Gap junctions formed by ON CBCs are prominent network components, with specificity rivaling that of chemical synapses. These gap junctions not only subserve canonical signal transfer for night vision, but also extensive coupling within and across the parallel processing streams. Clearly aberrant morphological and synaptic changes exist in RPC1, including changes in the coupling specificity of both Aii and ON CBCs. Thus, circuit topology is altered prior to complete loss of rods, with substantial implications for therapeutic interventions for blinding diseases that depend upon the surviving retinal network.
This abstract was presented today, April 8th at the 2019 Association for Research in Vision and Opthalmology (ARVO) meetings in Vancouver, Canada as a platform presentation by Crystal L. Sigulinsky, Rebecca L. Pfeiffer, James R. Anderson, Daniel P. Emrich, Christopher Rapp, Jeebika Dahal, Jessica Garcia, Hope Morrison, Kevin D. Rapp, Jia-Hui Yang, Carl B. Watt, Robert E. Marc and Bryan W. Jones.
In mouse models of retinal degeneration, connexin36-containing gap junctions in the Aii amacrine cell network appear to mediate aberrant hyperactivity within the retina. However, it remains unclear whether this hyperactivity reflects changes in the underlying circuitry or dysfunction of the normative circuitry. Our connectomics-based mapping of retinal circuitry in rabbit Retinal Connectome 1 (RC1) has dramatically expanded the coupled Aii network. In addition to canonical Aii-to-Aii and Aii-to-ON cone bipolar cell (CBC) coupling, we describe pervasive in- and cross-class coupling motifs among ON CBCs. This study examines the changes in these coupling motifs in RPC1, an ultrastructural retinal pathoconnectome from a rabbit model of retinitis pigmentosa.
RC1 and RPC1 are connectomes built by automated transmission electron microscopy at ultrastructural (2 nm/pixel) resolution. RC1 is a 0.25 mm diameter volume of retina from a 13 month old, light-adapted female Dutch Belted rabbit and serves as the healthy reference connectome. RPC1 is a 0.09 mm diameter volume of pathological retina from a 10 month old, male transgenic P347L model of autosomal dominant retinitis pigmentosa showing early phase 1 retinal remodeling, when rod photoreceptors are still present, but stressed. ON CBCs, Aii amacrine cells, and their coupling partners were annotated using the Viking application. Coupling motifs and features were explored with 3D rendering and graph visualization of connectivity. Gap junctions were validated by 0.25 nm resolution recapture with goniometric tilt when necessary.

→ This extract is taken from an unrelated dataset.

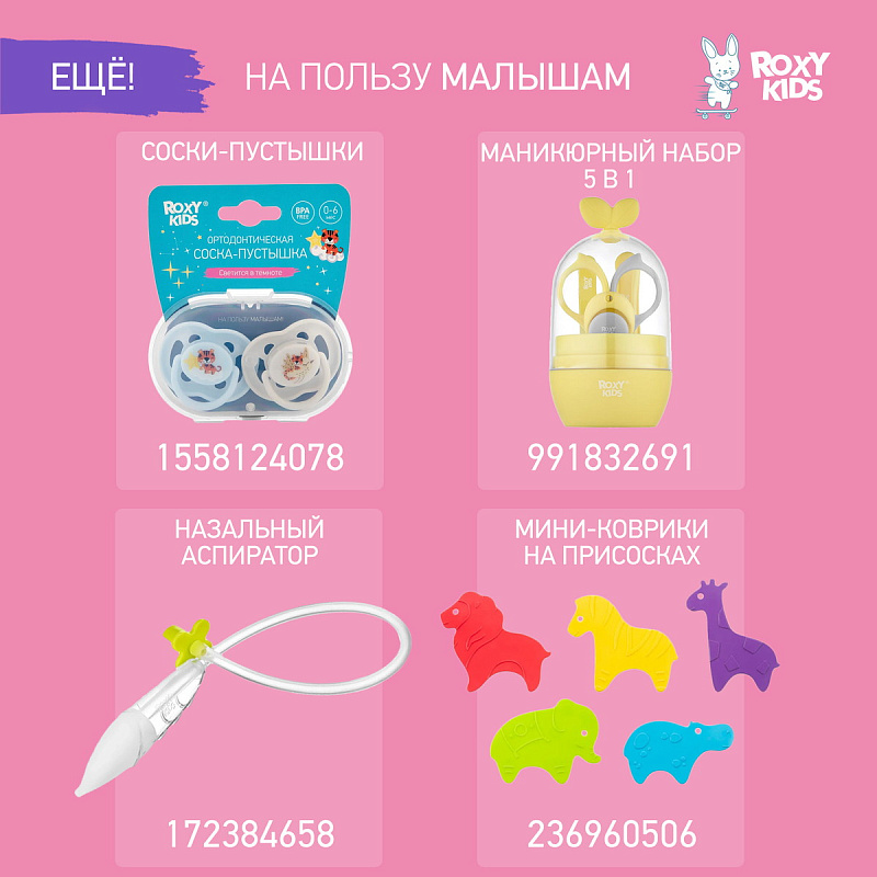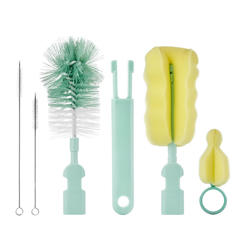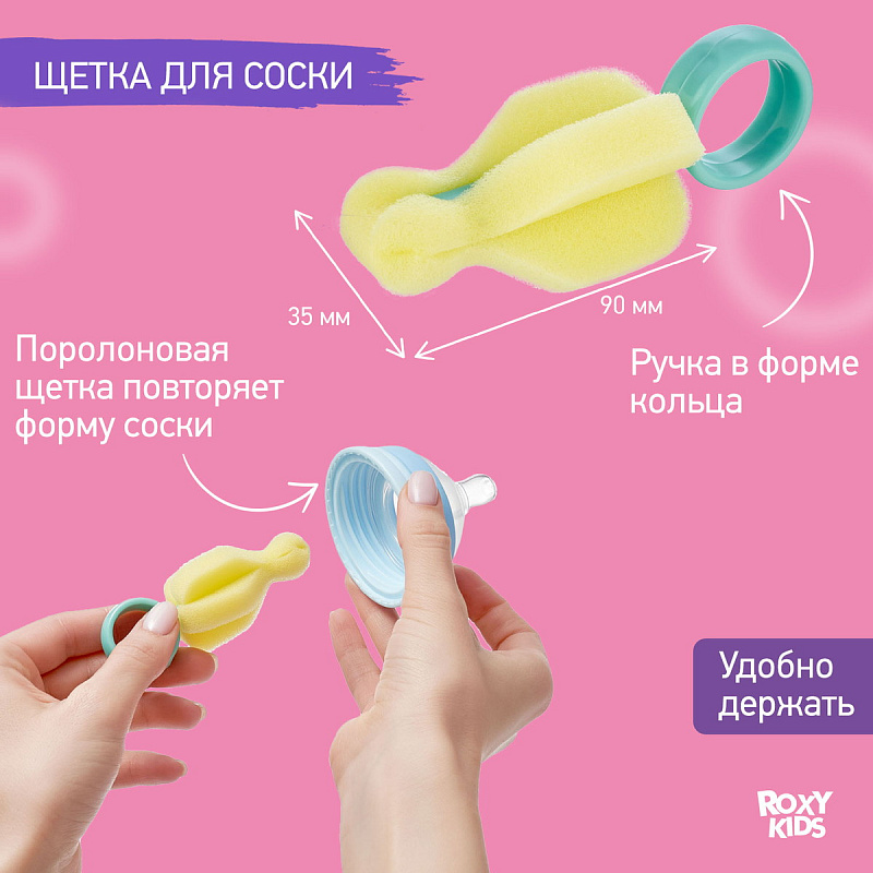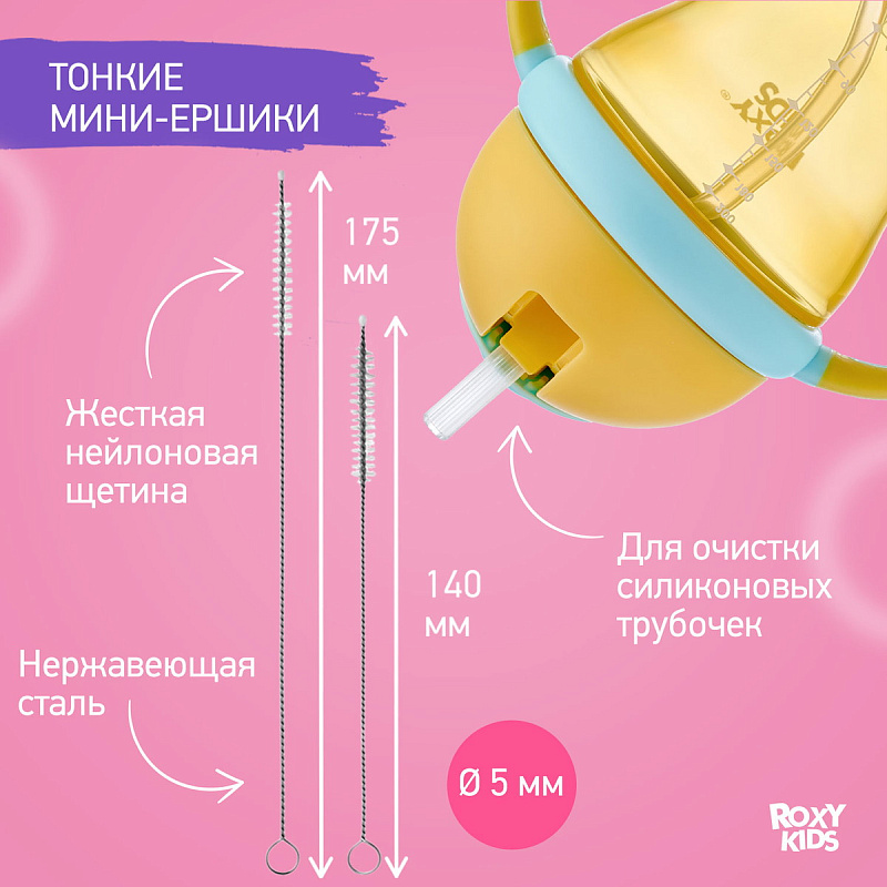 Набор щеток и ершиков ROXY-KIDS разработан специально для мытья бутылочек, трубочек, сосок и помогает сделать эту ежедневную процедуру максимально быстрой и удобной. В состав набора входят две сменные насадки для мытья бутылочек, маленькая щетка для соски и два мини-ершика для чистки трубочек. Классический жесткий ершик и мягкая поролоновая щетка предназначены для загрязнений разной степени. Они легко меняются и надежно защелкиваются на эргономичной рукоятке. Длина рукоятки 30 см позволяет почистить даже самые высокие бутылочки. Маленькая щетка повторяет форму соски, а ручку в форме кольца удобно держать, надев на палец. Мини-ершик – незаменимый инструмент для очистки силиконовых трубочек от остатков напитков. Он имеет оптимальный диаметр 5 мм и долговечную жесткую нейлоновую щетину.

All major coupling motifs were observed. Several ON CBC classes retained their class-specific coupling profiles, accepting and rejecting specific combinations of Aii and ON CBC class partnerships. However, aberrant partnerships exist in the coupled network, including both loss of prominent motifs and acquisition of novel ones.

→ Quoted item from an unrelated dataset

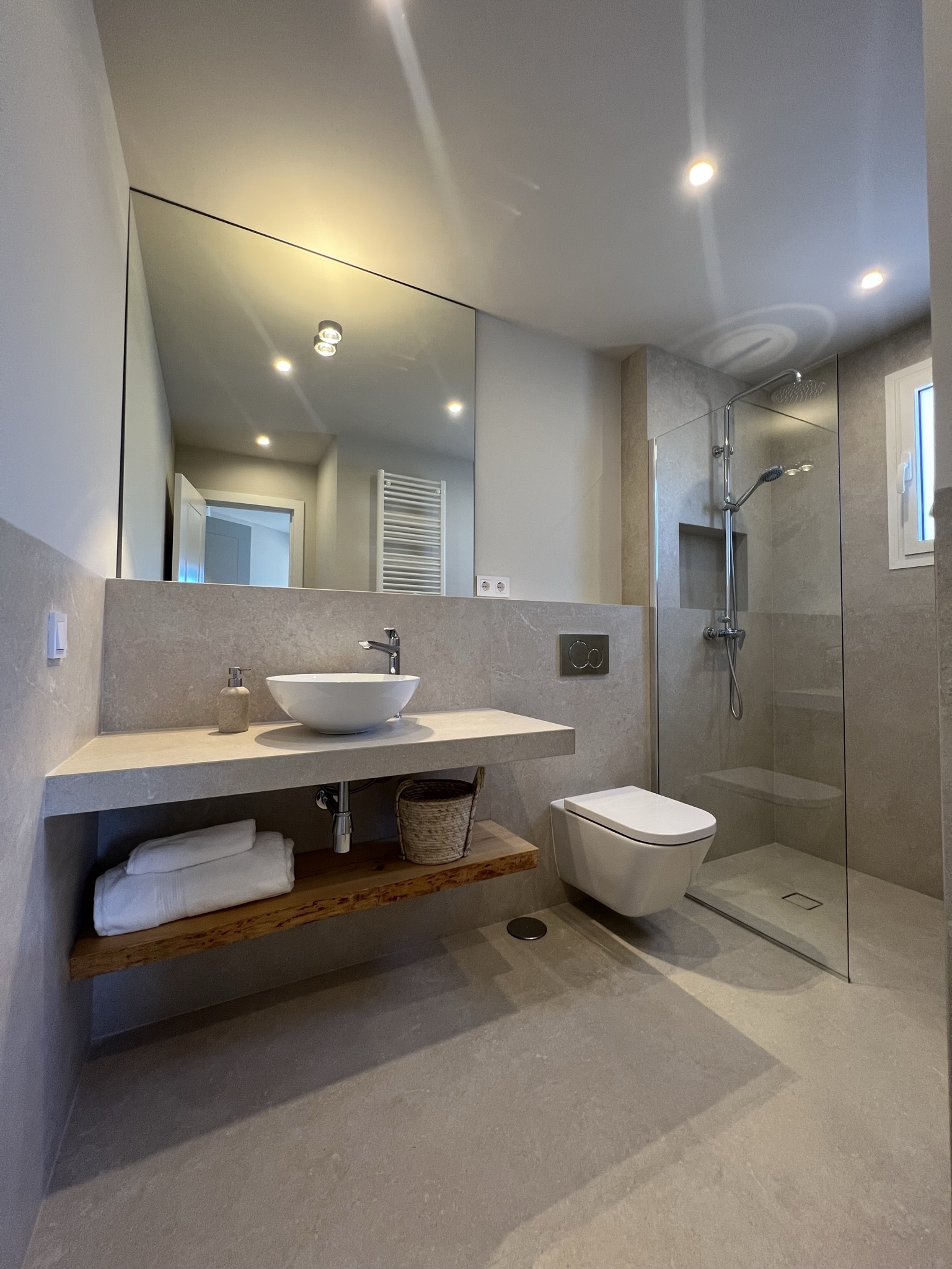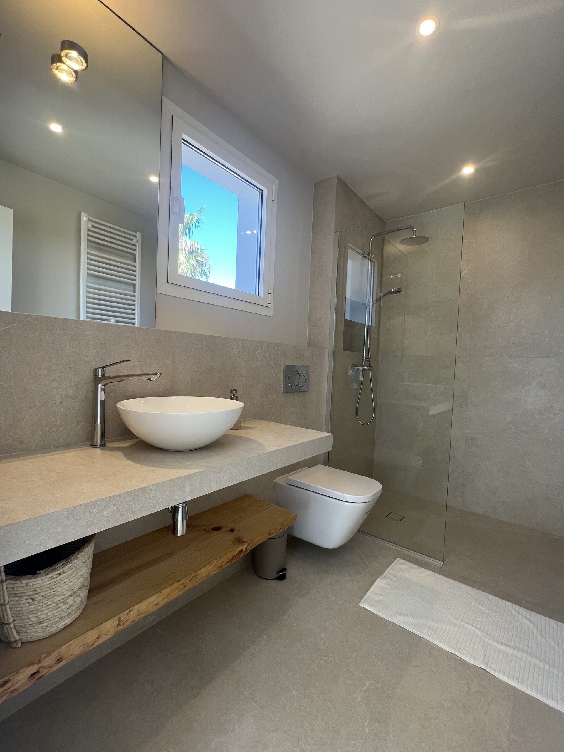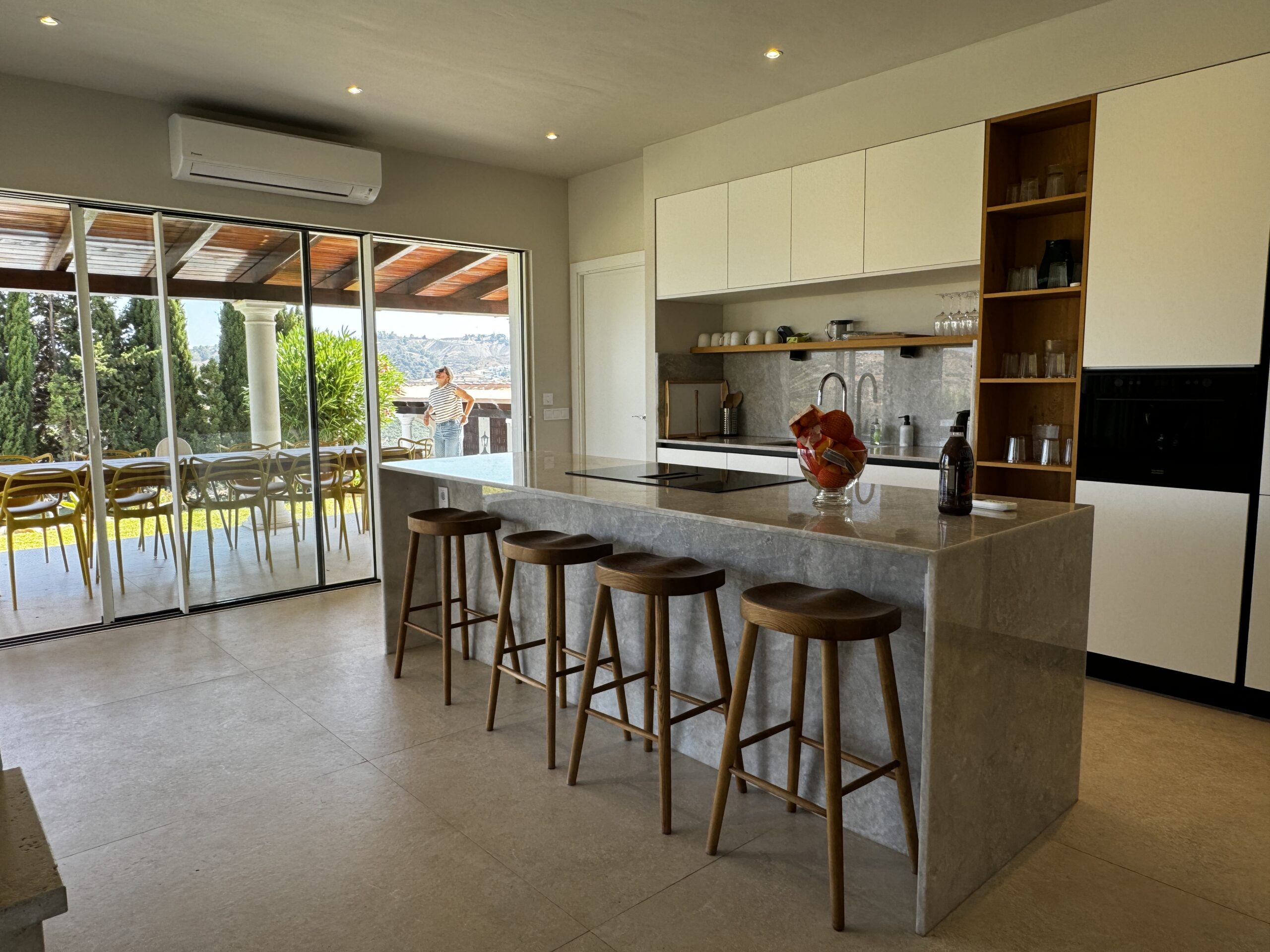 De villa is verdeeld in een begane grond en een eerste verdieping. Het is ook zeer goed te gebruiken met twee verschillende families. De villa heeft op de begane grond vier slaapkamers met ieder een tweepersoonsbed en een kinderslaapkamer met stapelbed. Tevens vier badkamers met toilet, douche en / of bad. Op de eerste verdieping zijn nog twee tweepersoons slaapkamers en twee badkamers. Op de begane grond zijn er diverse woonvertrekken. De villa biedt een woonkamer en nog een tweede woonkamer met open keuken en aangrenzende eetgedeelte. TV met satelliet-TV En open haard zijn beschikbaar.

Clearly aberrant morphological and synaptic changes exist in RPC1, including changes in the coupling specificity and gap junction distributions of both Aii amacrine cells and ON CBCs. This indicates that the Aii/ON CBC circuit topology is already altered during early phase 1 remodeling, with substantial implications for therapeutic interventions for blinding diseases that depend upon the surviving retinal network in human patients.